ロシアのお友達と瞬ちゃんの愛の行方を決める選挙は、そんなふうにして決着を見ました。


この結末に気が抜けてしまったカミュ先生は、横取りしたミルメークをマーマに返してくれました。
『ロシアのお友達と瞬ちゃんの愛の勝利を祝うパーティ』は、急遽、『ロシアのお友達と瞬ちゃんの愛の壮行会』に早変わり。
PTA婦人会の用意したケーキやハンバーグやカレーライスやスパゲティやおすしやタコさんウインナやジュースや豆乳デザートは、そういうわけで、無駄にならずに済んだのでした。

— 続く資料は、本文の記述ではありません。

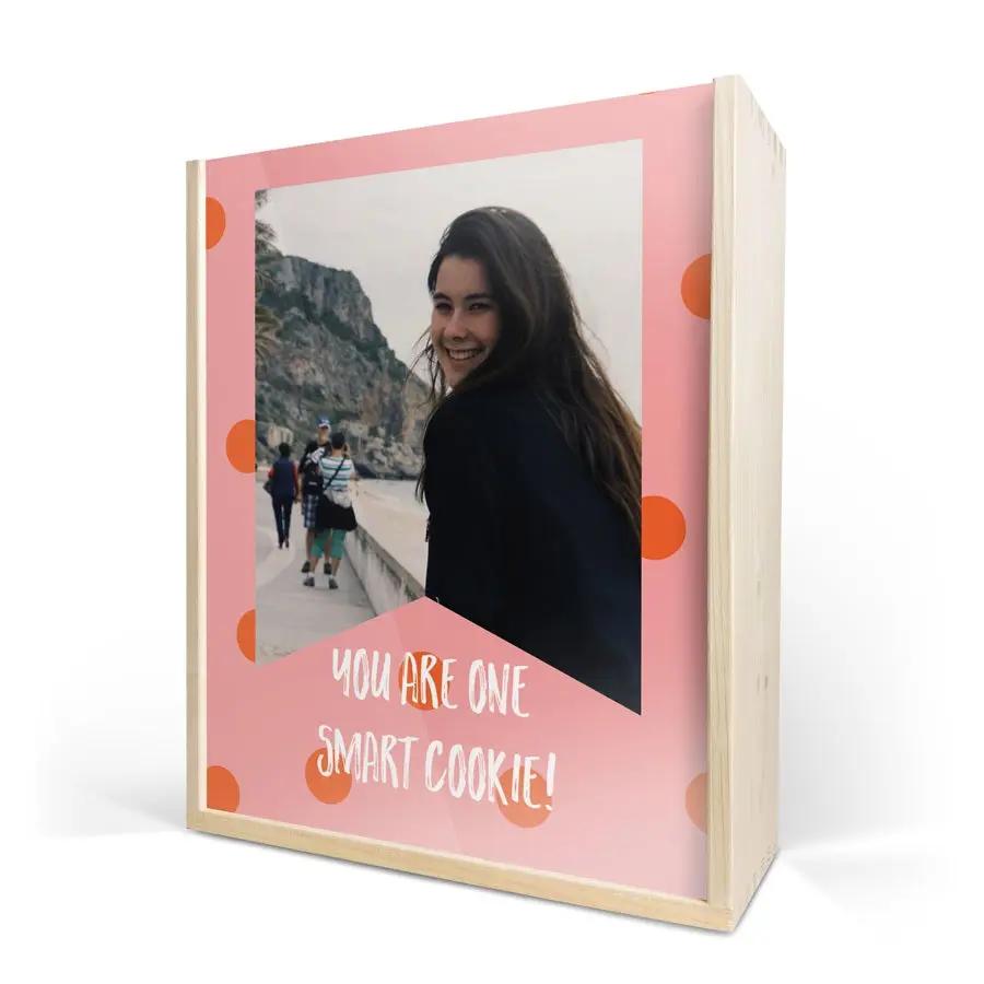 Plus d'informations sur les coupes à champagne : Nombre : 2 pièces Marque : Royal Leerdam Type : L'esprit Hauteur : 21,5 cm Volume : 21 cl Plus d'informations sur le luxueux coffret en bois : Personnalisation : avec photo, collage, logo, nom et/ou texte Emplacement de la personnalisation : sur le couvercle du coffret en bois Impression : image parfaite en couleur Dimensions du coffret : 36,5 x 12 x 11 cm Dimensions du couvercle : 35,6 x 10,5 x 0,3 cm Bonus : le coffret en bois est certifié FSC. Plus d'informations sur le champagne : Nom : Moët & Chandon Type de vin : effervescent Volume : 750 ml Pays d'origine : France Cépages : Pinot Noir, Chardonnay, Pinot Meunier
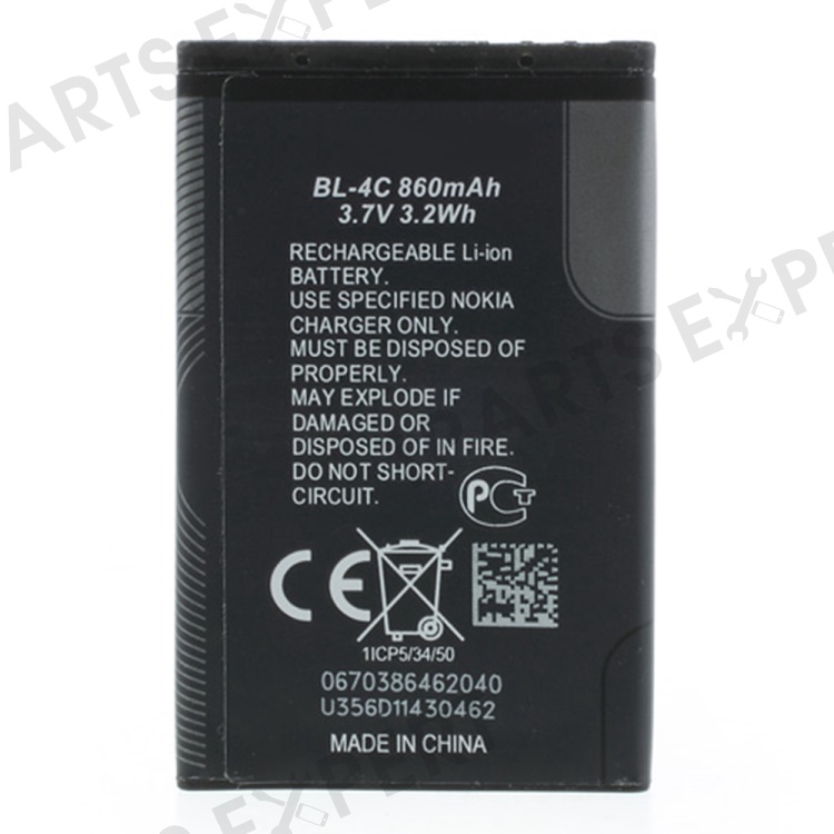 For Nokia X2 Dual SIM / 7270 / 6301 / 6136 / 6260 / 3500c / 2650 / 1661 / 1202 3.70V 860mAh Rechargeable Li-ion Battery (Encode: BL-4C) (without Logo)
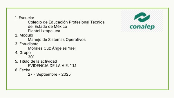 1. Escuela: Colegio de Educación Profesional Técnica del Estado de México Plantel Ixtapaluca 2. Modulo Manejo de Sistemas Operativos 3. Estudiante Morales Cuz Ángeles Yael 4. Grupo 301 5. Titulo de la actividad EVIDENCIA DE LA A.E. 1.1.1 6. Fecha 27 - Septiembre - 2025
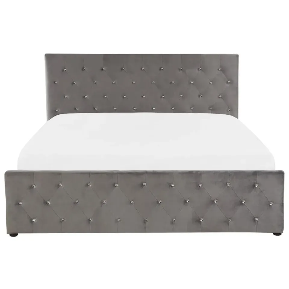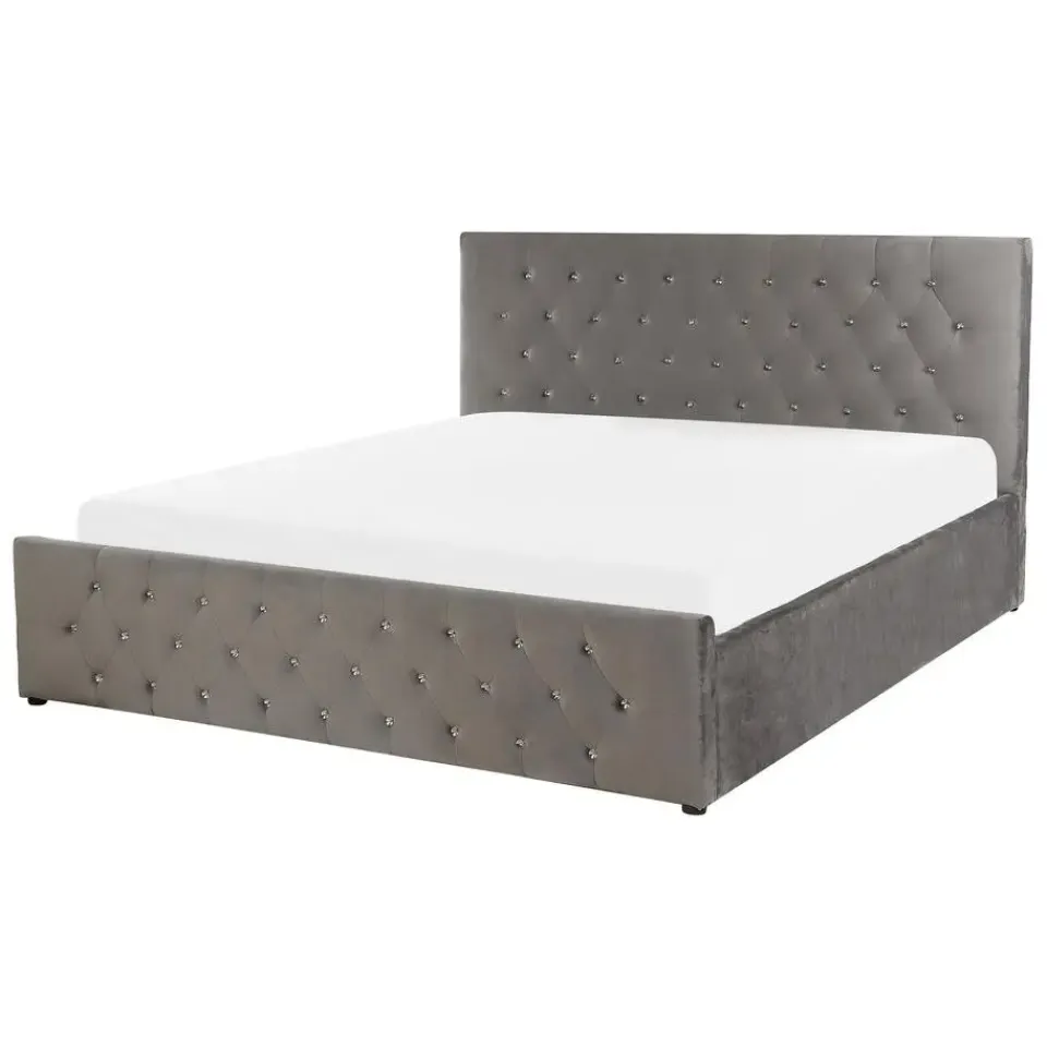 Belangrijkste eigenschappen: Schokabsorberende bedbodem voor goede ondersteuning, Stevig, duurzaam geïntegreerd frame, Stijlvolle Chesterfield-look, Versiert met knoopdetails, Stabiele en duurzame constructie, Zijdezacht, fluwelen stof, Functionele, grote opbergruimte
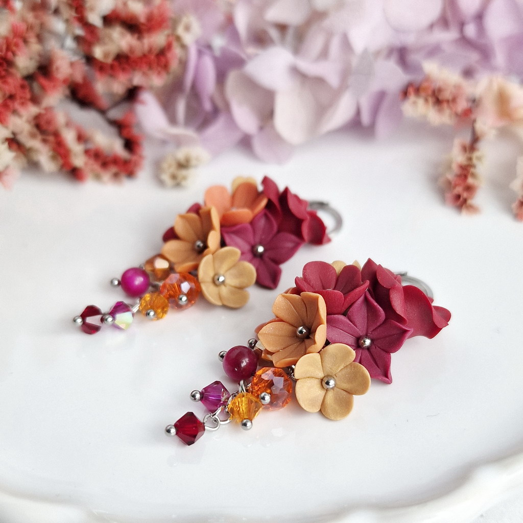 Vynikají malými, ručně tvořenými kvítky a výběrem skleněných kamínků v hřejivém barevném ladění. Komponenty z chirurgické oceli zaručí dlouhou životnost a jsou vhodné i pro citlivou pleť.
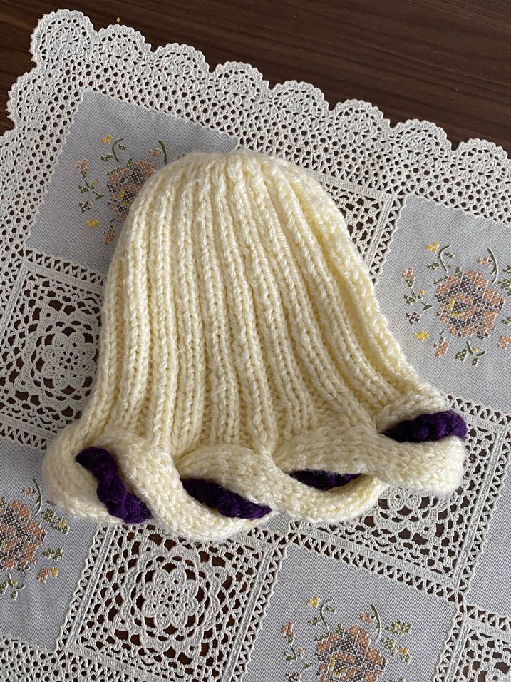 Yumuşak dokulu, beyaz örgü kadın bere, kıvrımlı kenar detaylarıyla bohem ve retro tarzı yansıtıyor. Rahat ve şık bir görünüm sunar.
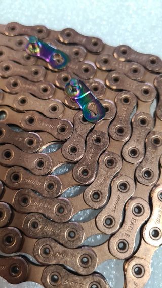 Cadena SRAM XX1 Eagle de 12 velocidades en acabado bronce. Cadena Original Nueva a estrenar. Somos tienda. TIENDA ESPECIALIZADA COMPRUEBE NUESTRAS RESEÑAS EN WALLAPOP Puedes pagar por bizum añadiendo 9€ para el envío. podemos juntar varios articulos y pagar un solo porte Nuevo a estrenar con factura y garantia piezas repuestos recambios bici bicicleta montaña mountain bike mtb xc xco rally maratón marathon allmountain trail enduro dh descenso downhill retro vintage mtb vtt btt clasica classic old school sram Shimano Campagnolo orbea scott cannondale trek specialized oakley - Color bronce - 12 velocidades - Modelo XX1 Eagle
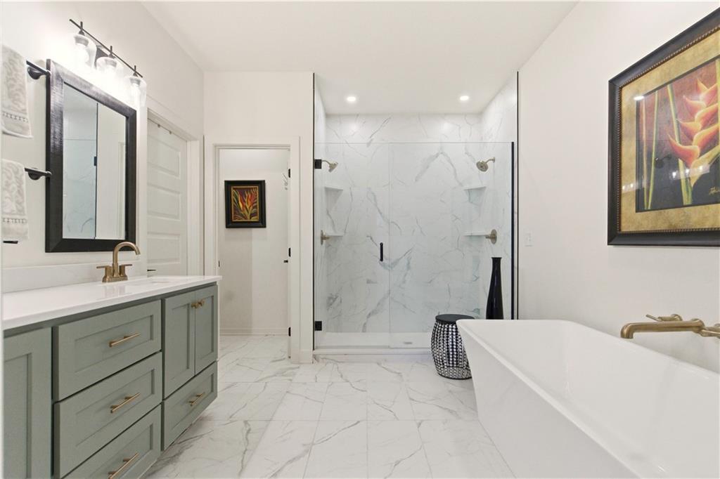 Better than New! Gorgeous Ranch home with Finished Walkout on Large Fenced Yard. Prepare to be impressed with this nearly new home with soaring 13' Ceilings, an Open Floorplan, Abundance of Windows, Amazing Wide Plank White Oak Floors on Main Level, Eye Catching Wood Beams in Great Rm Ceiling, Beautiful Wood Accents such as Windows Seats, & Plantation Shutters. Curb Appeal & the Exterior is Awesome with Timber Entrance, Huge Covered Deck, Large Patio and fully Fenced Yard. You will love the Kitchen with a Huge Quartz Island, Custom Cabinetry, Pantry,6 Burner Gas Cooktop; which opens to a lovely Breakfast area. This true Ranch is home to the Primary Bedroom and 2 additional Bedrooms on the Main Level. The Primary Bathroom will not disappoint with Quartz Counters, Large Soaking Tub, Spacious Tile Shower, and Real Stone Floors. Your Entertaining space greatly expands with a Finished Walkout offering a Large Family Room and 2nd Kitchen with Quartz Counters and areas appointed for a mini Refrigerator and Dishwasher. Note very nearby storage allows space for a Full Sized Refrigerator. 2 Spacious Bedrooms and Bathroom with adjoining exterior Patio complete the Lower Level that is perfect for a Separate Quarters. Here is your chance to skip the building process and enjoy all the perks of a nearly new home that already has the landscaping, window treatments, and all those needed home owner adds once you first move in while enjoying all the amenities of Lee's Summit and nearby Legacy Park!
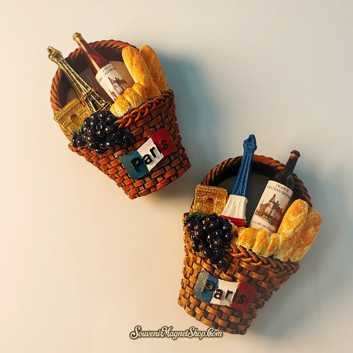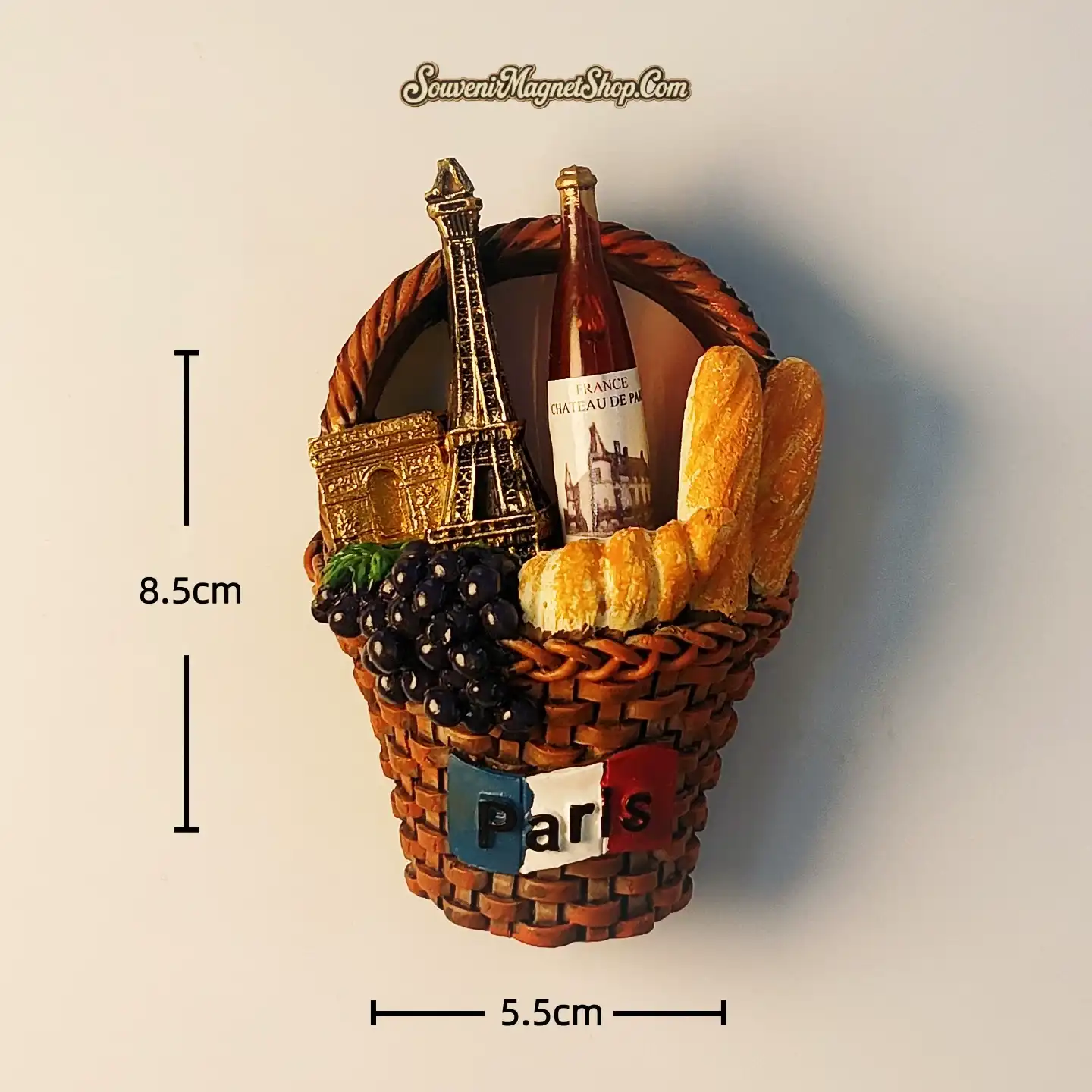 This exquisitely designed 3D souvenir fridge magnet brings the vibrant spirit of Paris right into your home. Meticulously hand-painted, it features a charming woven basket overflowing with miniature renditions of the Arc de Triomphe and Eiffel Tower, nestled alongside a bottle of French wine, bunches of juicy grapes, and golden, crusty baguettes.
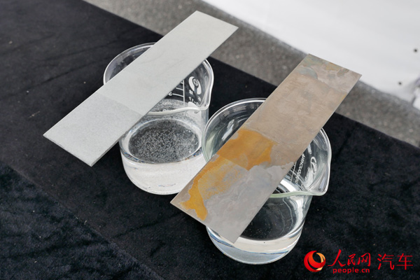 在汽車(chē)制造技術(shù)中,車(chē)身結(jié)構(gòu)在經(jīng)過(guò)焊接成型后,都需要通過(guò)電泳池進(jìn)行鍍鋅工藝,以防止車(chē)身在日后使用環(huán)境中被腐蝕,最終得到的“白車(chē)身”再進(jìn)行漆面噴涂工序。記者看到,實(shí)驗(yàn)人員將不鍍鋅鋼板和經(jīng)過(guò)鍍鋅鋼板分別放入8%的鹽酸溶液中,放置20秒左右,取出用水沖洗,然后靜置20分鐘,普通鋼板表面出現(xiàn)明顯紅色銹蝕,鍍鋅鋼板表面無(wú)明顯銹跡。
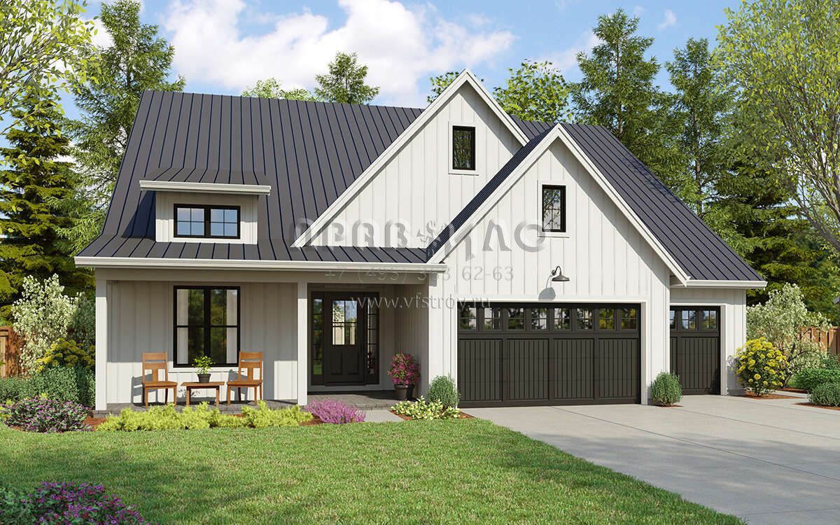 Проект одноэтажного дома с гаражом на три и более машин в современном стиле S5-242 (2559-00962)
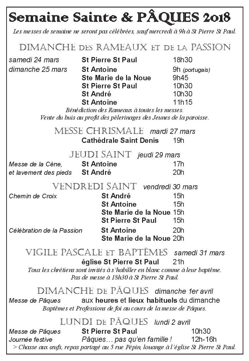 Semaine Sainte et PÂQUES 2018 — Paroisses de Montreuil
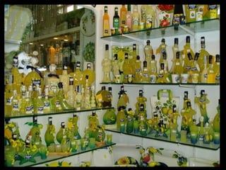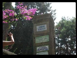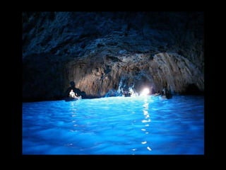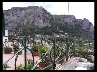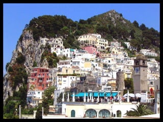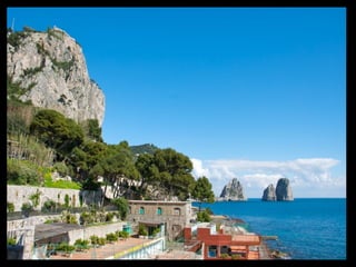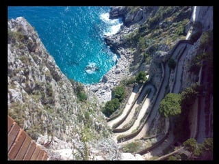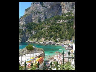 Este documento proporciona una descripción general de la isla de Capri, Italia, destacando sus principales atracciones como callejones medievales, impresionantes paisajes, la Gruta Azul con aguas de color azul turquesa, los acantilados, el Palacio del Mar y playas como Marina Piccola y Marina Grande. También describe brevemente la construcción del muelle en Marina Grande y la estación de funicular, así como las vistas panorámicas desde el Monte Solaro y la Vía Krupp.
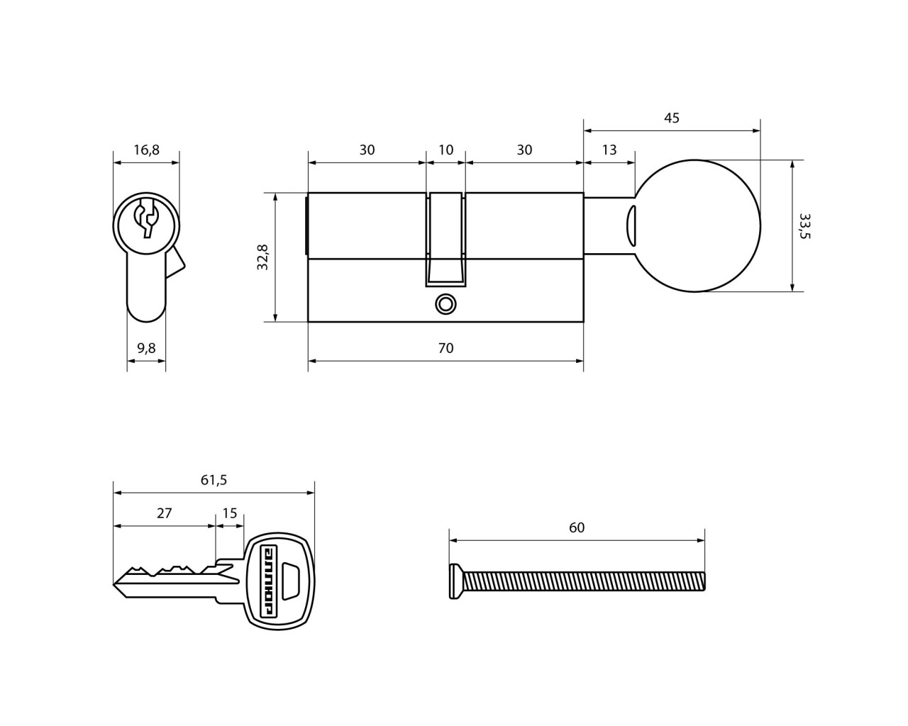Механизм цилиндровый для врезных замков. Европрофиль. Английский ключ. Материал корпуса и ключей – латунь. Ключ-вертушка. Механизм защищен стержнем от высверливания. Выступающий на 30 градусов из плоскости механизма кулачок защищает цилиндр от выбивания из двери. Длина механизма - 70 мм (30х10х30). ПРИ УСТАНОВКЕ НЕ ИСПОЛЬЗОВАТЬ ЭЛЕКТРО ИНСТРУМЕНТ!

愛の壮行会も終わり、瞬ちゃんのほっぺにちゅうをして、お家に帰ったロシアのお友達は早速書き取りのお勉強です。

「氷河、書き取りのお勉強は進んでる?」
ロシアのお友達にお夜食を持っていったマーマは、ロシアのお友達の書き取りノートを覗き込みました。

そこに書かれていたのは、
『永河、永河、永河、永河、永河、永河、永河、永河、永河、永河、永河、永河、永河……』

「まあ、ちゃんと書けるようになったじゃないの! この分なら、来週にだって、氷河は2年生にあがれるわ! この調子で頑張るのよ!」
マーマに褒められて、ロシアのお友達はこっくりと頷きました。

『氷河』と『永河』。
流暢に日本語を操るマーマも、実は、漢字の書き取りは大の苦手だったのです。


全ての元凶は、やはり、やはり、やーっぱり、マーマだったのでした。